No entanto, todos cometemos erros destes, ao criticarmos algo sobre o qual não temos todo o conhecimento. O que já não acho normal é, uns dias depois da Telma ganhar a medalha, ver um jornalista reformado dizer que não percebe porque se davam os parabéns a uma atleta que ao ficar em terceiro, na realidade tinha perdido. Como é que alguém pode pensar assim? Nós devíamos era dar os parabéns a uma atleta que há mais de 15 anos faz o nosso hino ser ouvido lá fora! Que levantem a mão aqueles que em todo o nosso país tiveram tamanho sucesso nas suas carreiras, seja ela desportiva ou outra coisa qualquer!
Mas também devemos dar os parabéns aos outros que deram o seu melhor. Quando vemos um atleta nosso a ficar entre os 15 melhores do mundo e ficamos a saber que o senhor é GNR, temos de dar os parabéns e não há nada a exigir. Eu quando saio do meu trabalho, vou para casa, para a minha família, descansar, etc... O senhor GNR sai do emprego dele e vai treinar as poucas horas que lhe restam. Muito fica para trás e ainda consegue competir contra outros que são profissionais. E mesmo que fosse sua profissão ser atleta e não GNR, ficar entre os 15 melhores do mundo continuaria a ser fantástico. Em quantos setores temos os melhores do mundo? Se existissem umas olimpíadas de medicina ou advocacia, ou informática, ou outra coisa qualquer, traríamos mais medalhas? Talvez não, mas deveríamos aplaudir todos aqueles que estavam entre os melhores. E tudo isto sem sequer mencionar os atletas paralímpicos que ganham tudo e nem sequer ficamos a saber.
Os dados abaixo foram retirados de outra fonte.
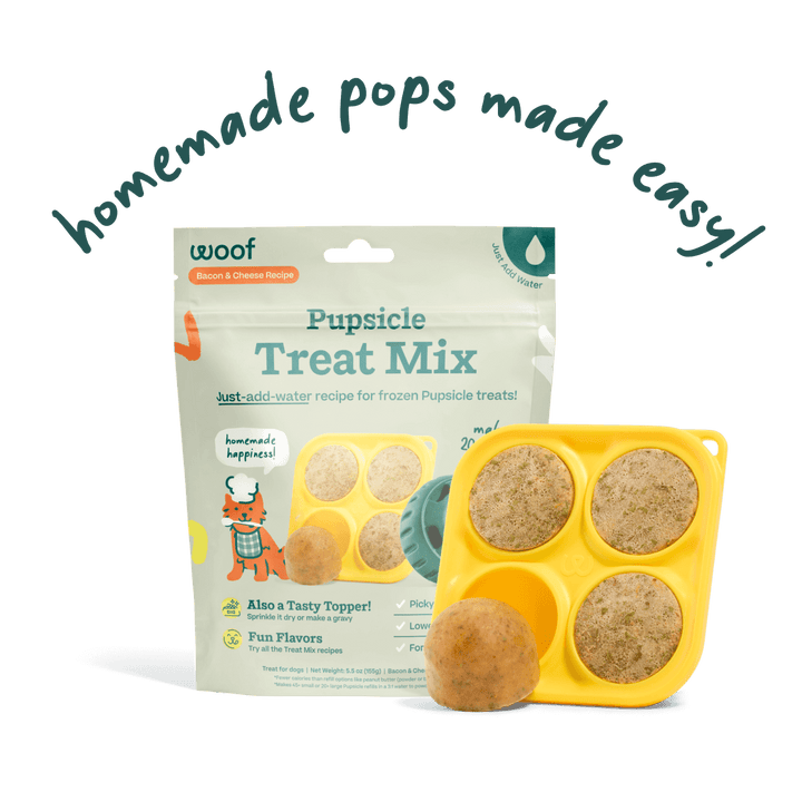 Treat your pup to a delicious and enriching snack with Woof’s Pupsicle Treat Mix Bacon & Cheese Lickable Dog Treats. This lickable treat formula is designed to pair perfectly with the Pupsicle (sold separately), making it easy for pet parents to keep treat time exciting. Simply mix the formula, freeze it in the Pupsicle Treat Tray (sold separately), and watch your pup enjoy a tasty and engaging distraction. Plus, Treat Mix can also be used as a flavorful meal topper, adding extra appeal to your dog’s daily meals.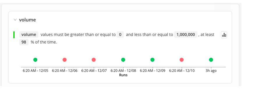 And you can make those changes with confidence that you won’t disrupt your view of your historical results: GX Cloud captures every change to an Expectation within your test result’s historical charts and visualizations, so you can see your Validation Results in context with your evolving understanding of your data.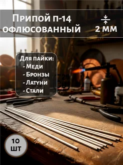 Припой п-14 офлюсованный 2 мм для пайки меди и стали (10 шт)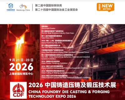 2026中国铸造压铸及锻压技术展览会 时间:2026年9月21-23日 地点:上海新国际博览中心 智能制造 绿色发展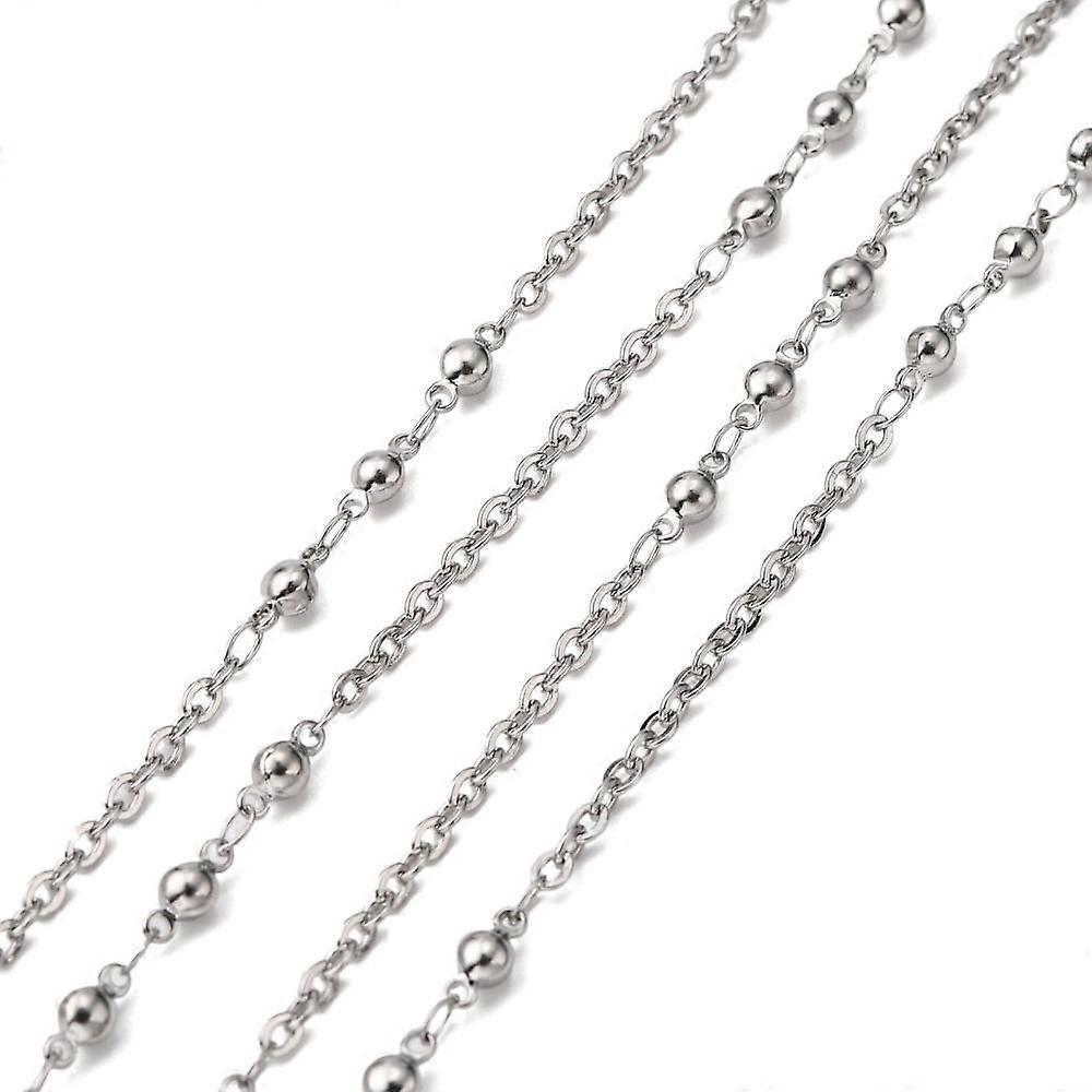 1m 3.28 Feet 304 Stainless Steel Decorative Rolo Chains Belcher Chain Soldered with Round Bead Stainless Steel Color 2.3mm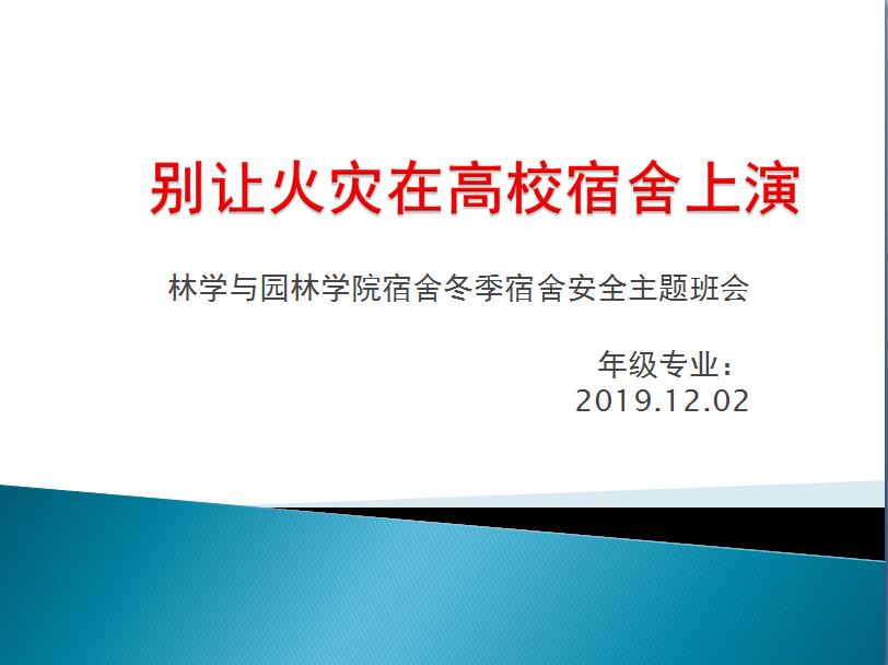 宿舍是学生学习、生活的重要场所,同时也是易引发事故的“重灾区”,冬季来临,宿舍用电安全问题日益突出。12月以来,林学与园林学院组织各年级开展“别让火灾在高校宿舍上演”安全教育主题班会。

Para acabar, e porque o texto já está comprido, quero dar os meus parabéns aos atletas portugueses que ficaram entre os melhores e, principalmente, dou os meus parabéns à Telma Monteiro. É motivador ver uma rapariga sair de um bairro com poucas condições e chegar a um pódio de uma grande competição. Telma não subiu um vez ao pódio... subiu centenas. A Telma Monteiro é a quinta judoca mais medalhada de sempre... em todo o mundo. Saiu de um país que pouco sabe sobre judo quando comparado com outros países onde o judo enche estádios e a população para para ver os melhores a competir... e ela venceu. A já famosa frase da Telma para os seus amigos nestes jogos Olímpicos, "Eu vim para ficar", fica-lhe bem, que nem uma luva. Mas não lhe fica bem agora. Fica-lhe bem desde há 15 anos, quando ela começou a treinar e veio para ficar. Pena algumas pessoas só terem notado agora, mas ainda vamos todos a tempo.